A base estrutural da formação do mito das sereias é muito mais assustadora que lúdica. A Maldição da Sereia, lançado em 2019, segue a linha tenebrosa destas criaturas mitológicas, mergulhadas num tom sombrio e funesto bastante diferente dos herdeiros de Splash – Uma Sereia em Minha Vida e A Pequena Sereia, clássicos da comédia romântica e da animação da Disney, respectivamente, responsáveis por calcificar determinada imagem destes seres metade humano e metade peixe para a indústria cultural.

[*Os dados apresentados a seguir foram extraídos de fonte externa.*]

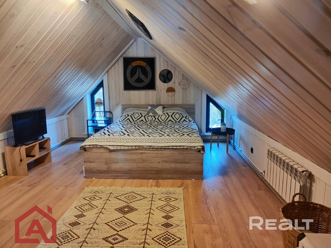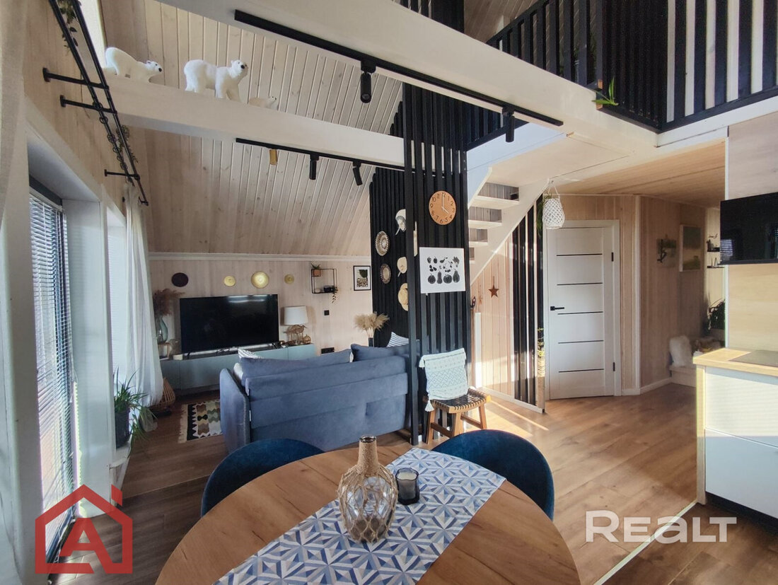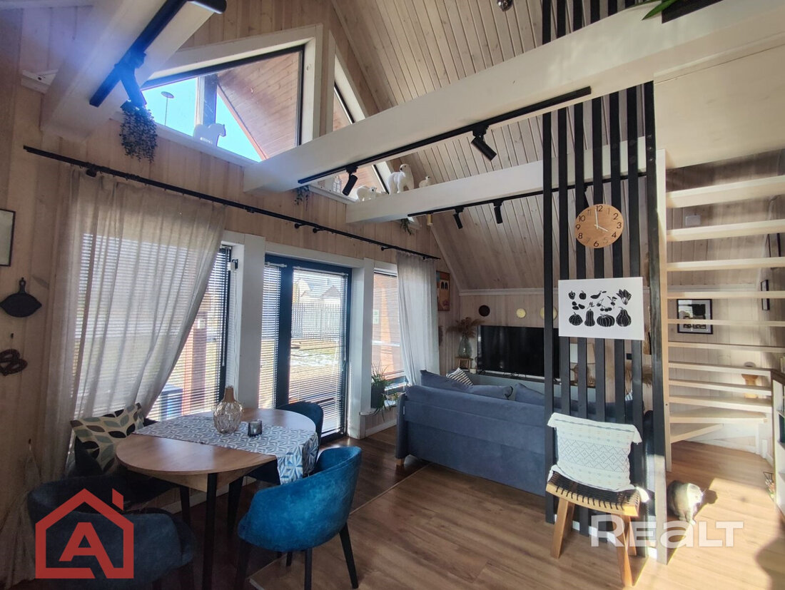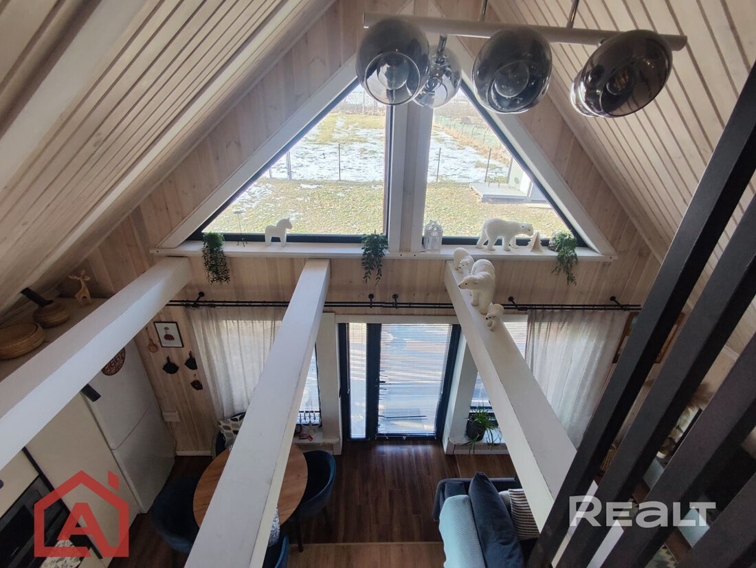 Внизу находится кухня-гостиная, санузел и одна спальная комната, а наверху в мансарде устроено еще одно жилое помещение.
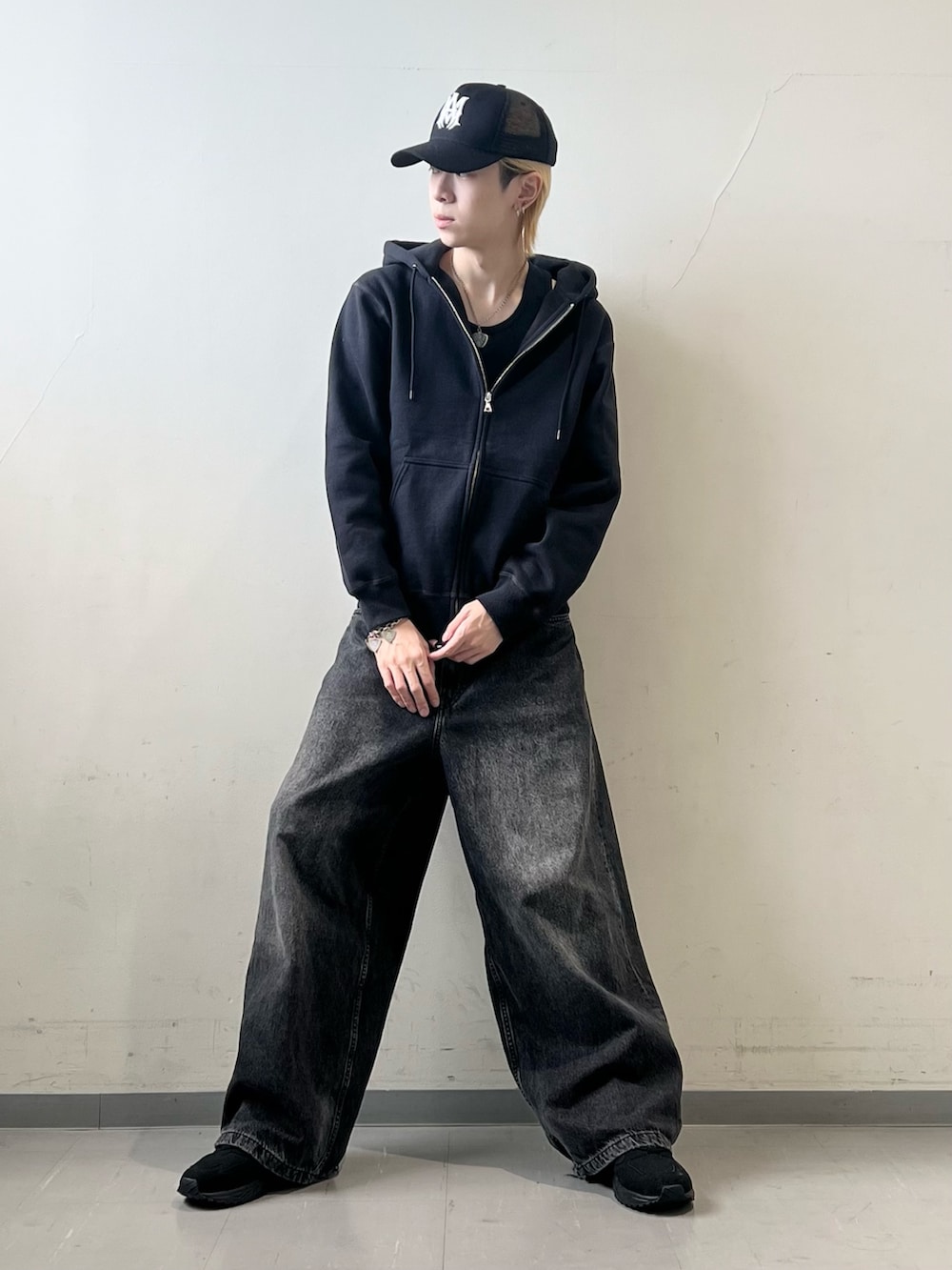 キャップを使ったオールブラックコーデになります!
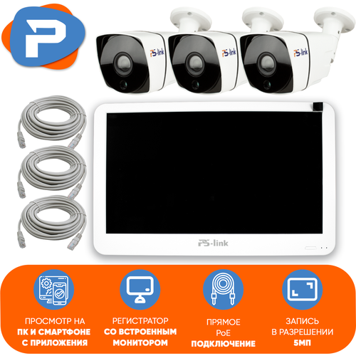 Комплект видеонаблюдения PS-link KIT-C503LCD IP-PoE/ монитор 10"/ 3 уличные камеры/ 5 Мп

Ao longo de seus 91 minutos, adentramos por uma narrativa cheia de momentos intensamente macabros, orquestrados pelo cineasta Jeffrey Grelhman, direcionado pelo roteiro escrito numa parceria com Kelly Lauren Baker. O mote é o estabelecimento da identidade num ambiente hostil, a formação de um grupo de apoio entre mulheres assediadas e a violência nas relações humanas, quando um determinado “eu” se encontra com o “outro” e uma crise de interesses e subjugação logo se desenha, sina da própria humanidade há eras.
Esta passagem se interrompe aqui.